Incorporation of adenovirus into a ligand-based DNA carrier system results in retention of original receptor specificity and enhances targeted gene expression

Abstract

Adenovirus type 5 was modified by coupling an asialoglycoprotein-polylysine conjugate to the virus by reactions that activate carbohydrate residues. Wild-type virus modified in this manner had greatly decreased infectivity toward normally susceptible HeLa S3 (asialoglycoprotein receptor (-)) and SK Hep1 (asialoglycoprotein receptor (-)) cells leaving 91 and 86% viable, respectively, after 48 h. However, with Huh 7 (asialoglycoprotein receptor (+)) cells, modified virus retained its infectivity leaving only 19% of cells viable under identical conditions.
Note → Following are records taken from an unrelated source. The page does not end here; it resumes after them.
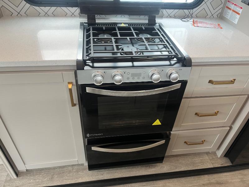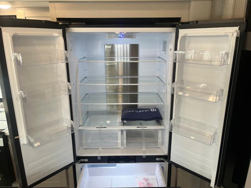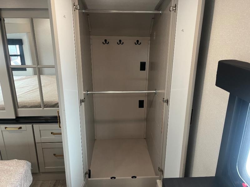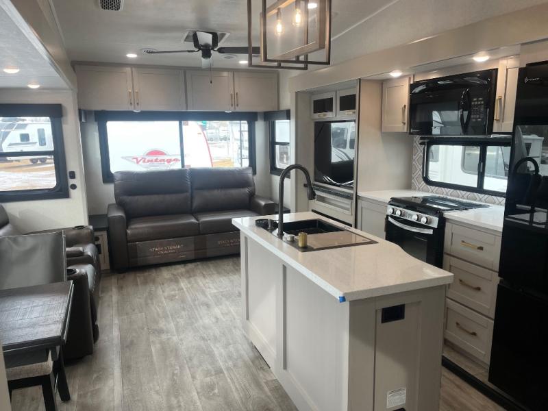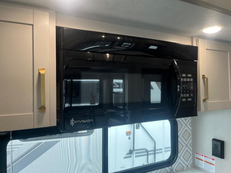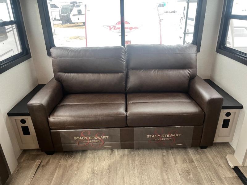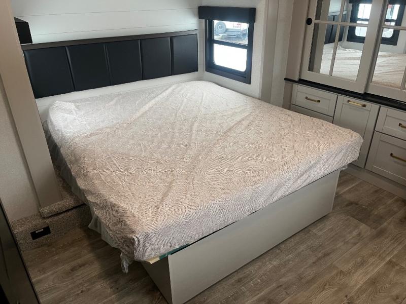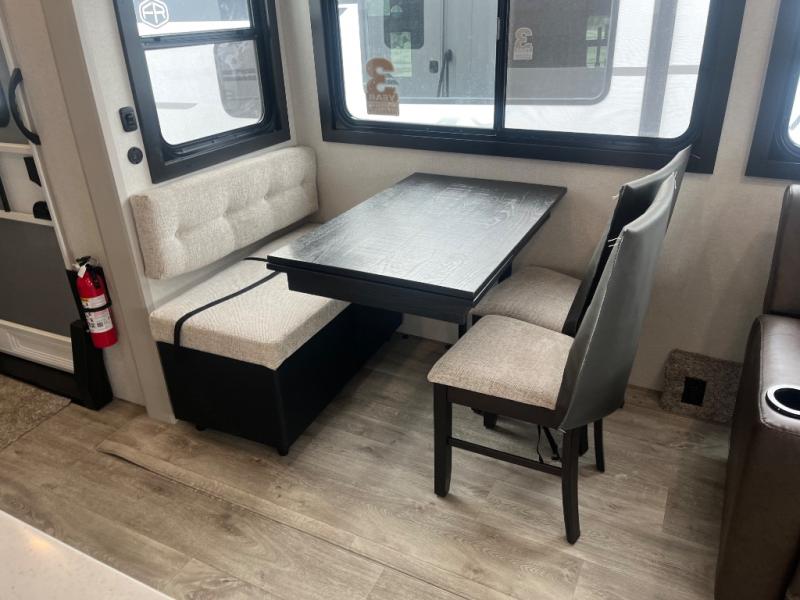 This RV offers a luxurious living experience on the road. The rear living area boasts a tri-fold sofa, a theater sofa that provides ample seating for relaxation and entertainment, and the entertainment center with a fireplace is the perfect spot to unwind on chilly evenings, while the ceiling fan keeps the air circulating on warm days. The kitchen is equipped with a kitchen island that provides additional counter space and storage, a microwave, a 12V refrigerator, a table with chairs and a bench seat that offers a comfortable dining space. Plus, the hutch and pantry provide ample storage for dishes, cookware, and food. The full bathroom is designed for comfort and convenience. The front bedroom is a serene retreat, featuring a king bed and a dresser that provide a comfortable sleeping space for sleeping tight all night long.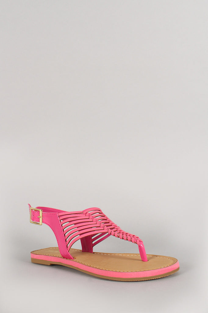 Featuring T-Strap construction at front vamp, thong style, stitching accents, lightly padded insole, and adjustable slingback strap with buckle closure.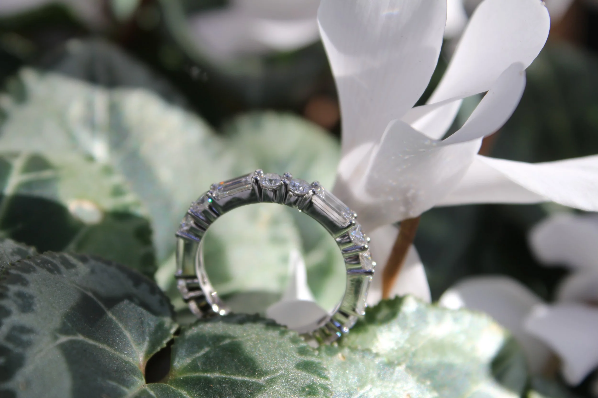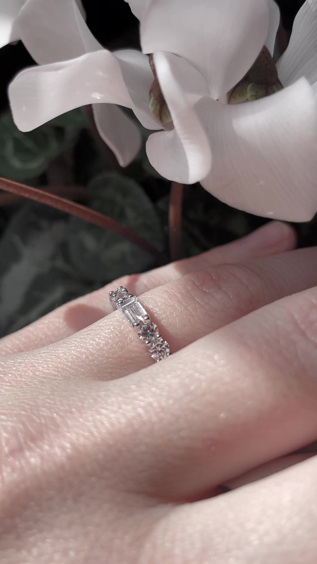 A diamond eternity band with alternating round and rectangular settings on an 18ct white gold band. Also available in Moissanite/Karbinite.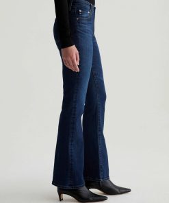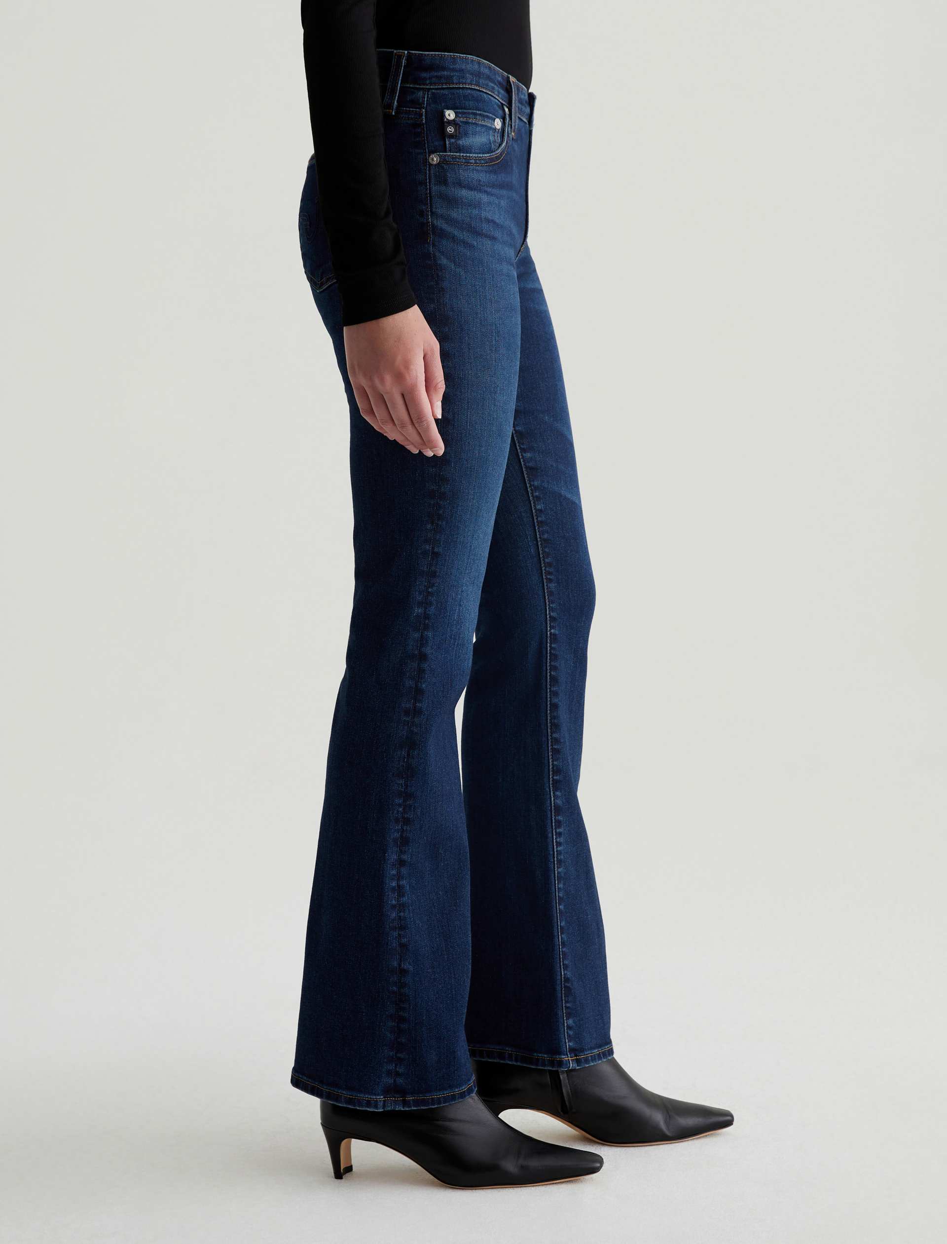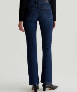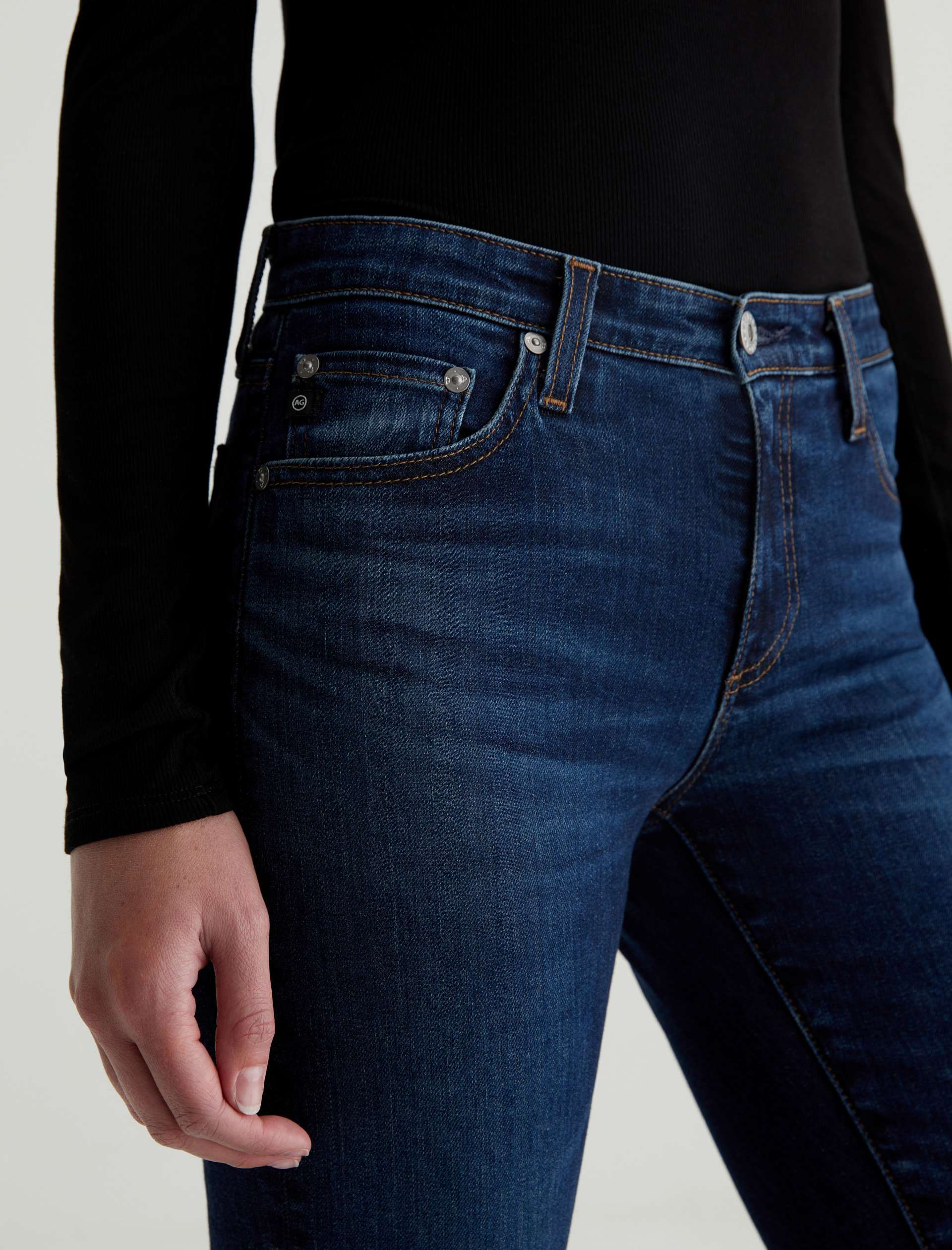 The Angel Vapor Wash low-rise bootcut jeans sit below the natural waist and fit close before opening to a subtle flare. Designed in 10 oz. Rouge Advanced Stretch Denim, this pair features a dark indigo wash that’s been achieved using our eco-friendly AG Vapor Wash™ technology. Our AG Vapor Wash™ process significantly r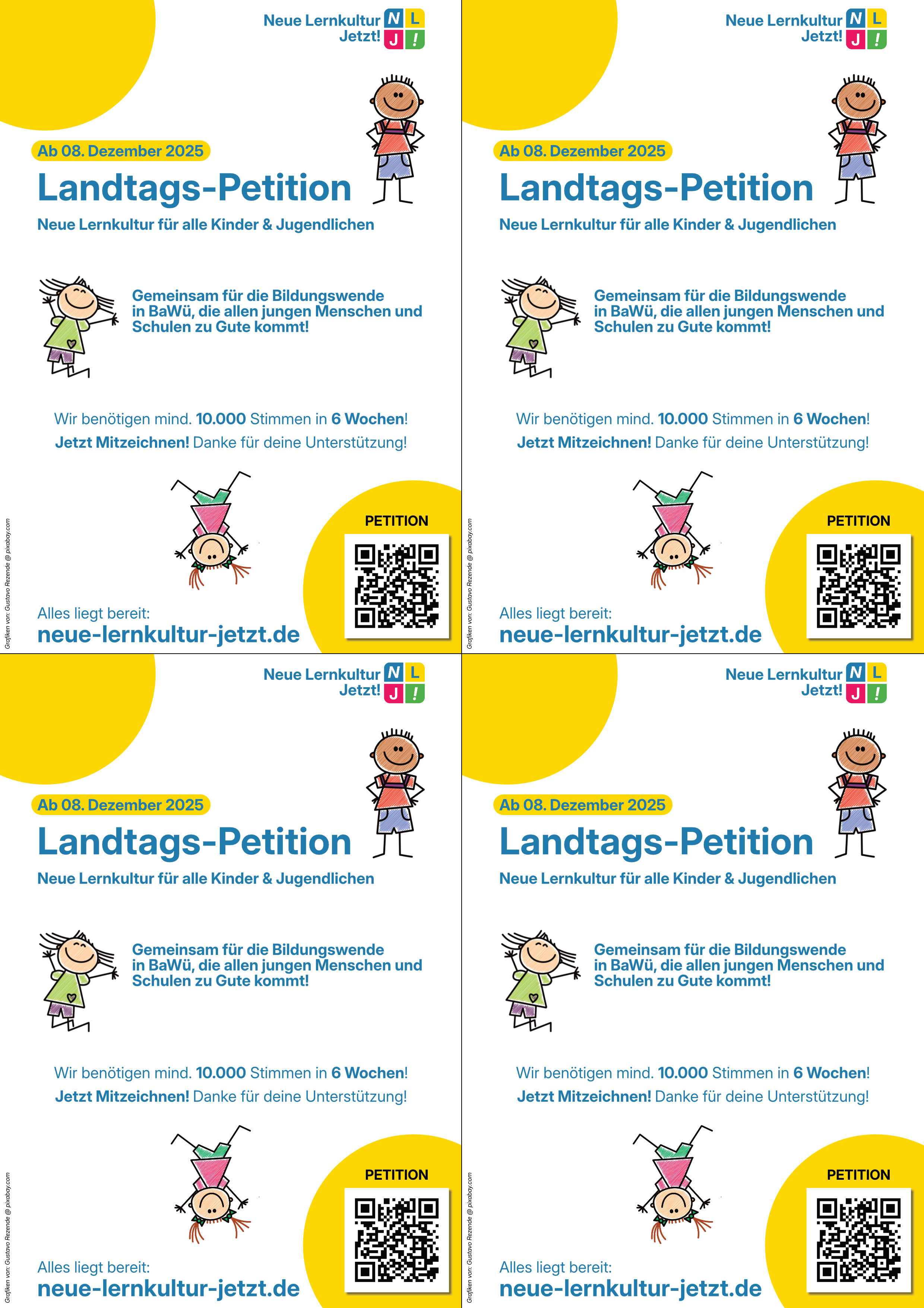 Am Do, 11.Dezember 25, werden wir um 13 Uhr in Stuttgart vor dem Landtag das Anliegen dem Petitionsvorsitzenden Herrn Marwein persönlich übergeben. Wer dabei sein möchte, ist herzlich eingeladen! Es gilt die Bannmeile um den Landtag, das wird also keine Demo - wir wollen einfach Präsenz und Entschiedenheit zeigen. Die bildungspolitischen Sprecher der demokratischen Parteien, sowie Presse und SWR Fernsehen werden angeschrieben und dazugebeten.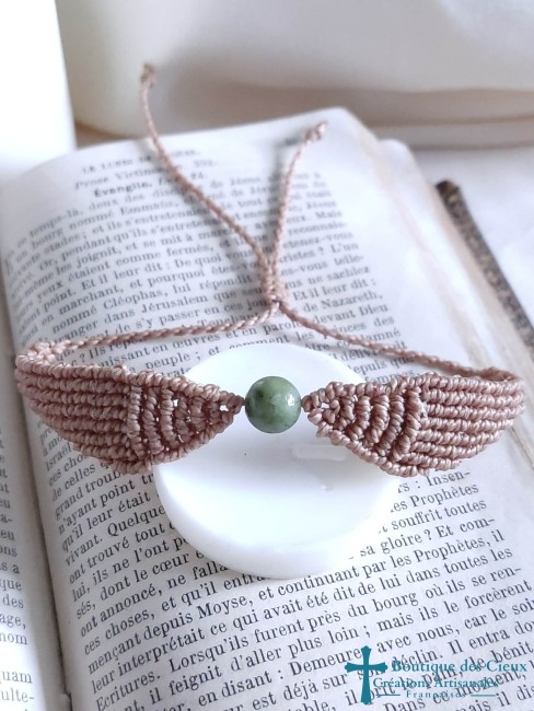 Bracelet tissage macramé ailes d'Anges - Jade vert

Modified virus was complexed to DNA in the form of a plasmid, pSVHBV surf, containing the gene for hepatitis B surface antigen as a marker of gene expression. Huh 7, receptor (+), cells treated with modified wild type, and modified replication-defective d1312 virus complexed to DNA raised antigen levels by approximately 13- and 30-fold, respectively, compared with asialoglycoprotein-polylysine DNA complex alone. Competition with a large excess of an asialoglycoprotein blocked the enhancement by more than 95%. Using a beta-galactosidase marker gene, the number of cells transfected by modified virus was found to be 200-fold higher than complex alone. Yet, specificity was retained exclusively for asialoglycoprotein receptor-bearing cells. These data indicate that adenovirus can be chemically modified by coupling ligands resulting in targeted gene expression dictated specifically by receptor recognition of the attached ligand.